Steve dengan hati-hati dan sabar menuntun istrinya menuju boat yang terparkir di pinggir pantai. Villa Steve ini berhadapan dengan sebuah pantai yang indah. Apabila disebrangi akan membawa kita pada sebuah pulau buatan milik pribadi dari Hexel Steven Wijaya.

“Sedikit lagi sayang, sabar ya!”

“Ck… sayang, kamu mau tunjukin apa sih? Kejutan apa lagi ini?”

“Bentar lagi sayang, tahan dulu penasarannya ya.” Steve menenangkan Maria yang sudah penasaran dengan kejutannya.

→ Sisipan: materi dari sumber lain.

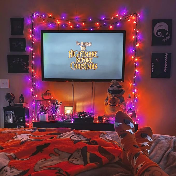 - EMBRACE THE SPIRIT OF HALLOWEEN: Immerse yourself in the haunting allure of Halloween with our orange and purple Halloween string lights. Perfect for sinister gatherings, horrible party, or ghostly galas, these lights will create a spooky atmosphere, ensuring a memorably eerie celebration

“Sayang, tetap tutup mata ya, sebentar lagi aku akan angkat tubuh kamu, karena di depan jalanannya banyak kerikil, aku gak mau kaki kamu kesakitan.”

Hati Maria tersentuh kesekian kalinya, “Uhummmm… Steve, you’re real man!”

“Ya dong, bentar lagi kamu akan merasakan bagaimana perkasanya aku honey!” Steve langsung memanggul tubuh Maria untuk naik ke atas kapal boat.

Maria patuh pada perintah suaminya. Matanya masih memejam, tak mau membuka, apalagi tergoda untuk mengintip di celah sempit.

“aaaaaa… Steve, cepetan aku gak sabar ini!”